Hours before Nessel issued the statement, a group of religious leaders called on her to drop the charges against pro-Palestinian activists accused of vandalizing the homes of Jewish and non-Jewish officials. They also called on the state's top law enforcement official to recuse herself from the case.
"Dana Nessel, it's time to wake up and see the harm you are doing," said Rev. Joe Summers, the retired pastor of the Episcopal Church of the Incarnation in Ann Arbor. "Drop the charges and resist the politics of domination, endless war and genocide."
More than four dozen people gathered for an 8 a.m. demonstration Monday on a grassy patch on Washtenaw Avenue at the campus of the county service center, which shares the property with the 14A District Court and the Washtenaw County Youth Center.
The Transparency, Accountability, Humanity, Reparations, Investment, Resistance (TAHRIR) Coalition, a UM student group that organized and led pro-Palestinian protests on campus against the Israel-Hamas war in Gaza, organized the event.

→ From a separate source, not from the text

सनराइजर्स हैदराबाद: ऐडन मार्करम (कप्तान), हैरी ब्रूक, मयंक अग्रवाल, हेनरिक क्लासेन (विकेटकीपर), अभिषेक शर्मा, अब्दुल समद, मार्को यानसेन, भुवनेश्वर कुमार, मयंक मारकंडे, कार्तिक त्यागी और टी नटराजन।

Summers was joined by the Rev. Jo Hatlem, pastor of the Shalom Community Church in Ann Arbor, Imam Steve Mustapha Elturk, president of the Islamic Organization of North America, and others. The speakers stood on the wet grass at a microphone and in front of a banner with the words "Drop the charges" spray-painted on it.
Hatlem said 14 members of her congregation were invited by the TAHRIR Coalition to attend a May 21, 2024, sunrise service on UM's campus when university police cleared the encampment of pro-Palestinian student groups on its Diag. Three of those members attended Monday's rally with her.

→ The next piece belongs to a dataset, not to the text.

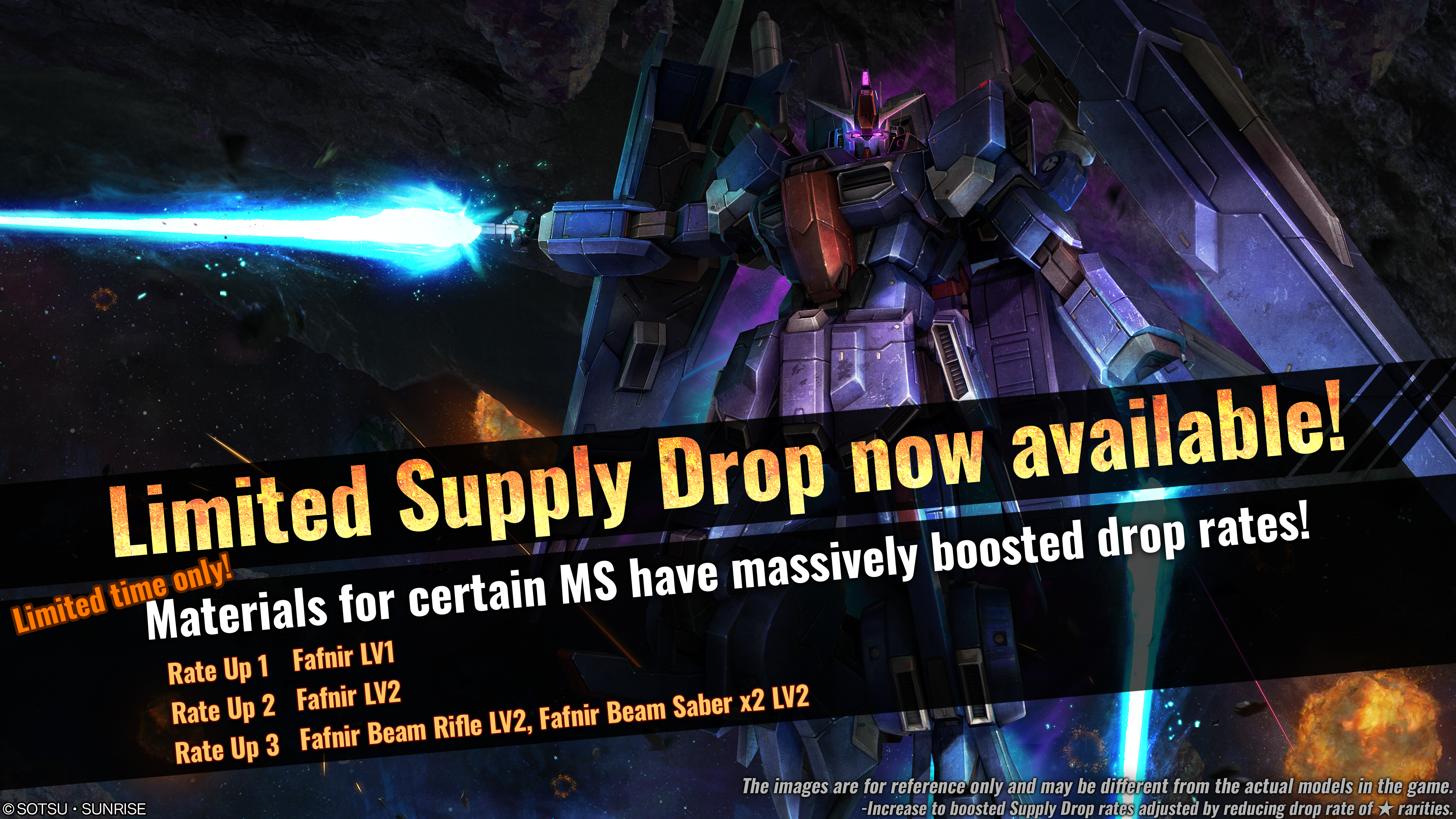 Differing from the standard Supply Drop, only the specified items in the Limited Supply Drop will be boosted. - ※Drop rate increases of the Limited Supply Drop will affect the unit of each LV and also the unit’s main weapon differently.

"If we are to believe Dana Nessel, those community members and students camping and peacefully assembling on the Diag are the violent ones, not the police who assaulted people with pepper spray, not the university profiting off of the death and wholesale destruction of an entire people, not prosecutors who are weaponizing our justice system," Hatlem said. "We demand that the charges are dropped."
Mustapha Elturk called the coalition members and the students who protested against UM's policies courageous.
"They are being criminalized and persecuted by the state for being what our faiths, our conscience, and our democracy require of us: Speaking truth to power," he said. "Attorney General Dana Nessel: prosecution of these young people, students who dared to criticize injustice, mirrors the darkest chapters of our nation's history. It echoes the McCarthy-era campaigns that sought to silence dissent and punish those who dared question war."
Officials with the Michigan chapter of the Council on American-Islamic Relations, or CAIR-MI, praised Nessel's decision on Monday.
"We welcome the dismissal of these excessive and retaliatory felony charges, which never should have been filed in the first place," CAIR-MI Executive Director Dawud Walid said in a statement.
"But this moment demands more. All charges stemming from this peaceful protest should be dismissed. These prosecutions appear to have been driven not by law but by a desire to silence students and community members calling for the recognition of Palestinian human rights and accountability from the University of Michigan for its investments in Israeli weapons manufacturers. The continued prosecution of these individuals is a stain on our state’s commitment to civil liberties and equal justice."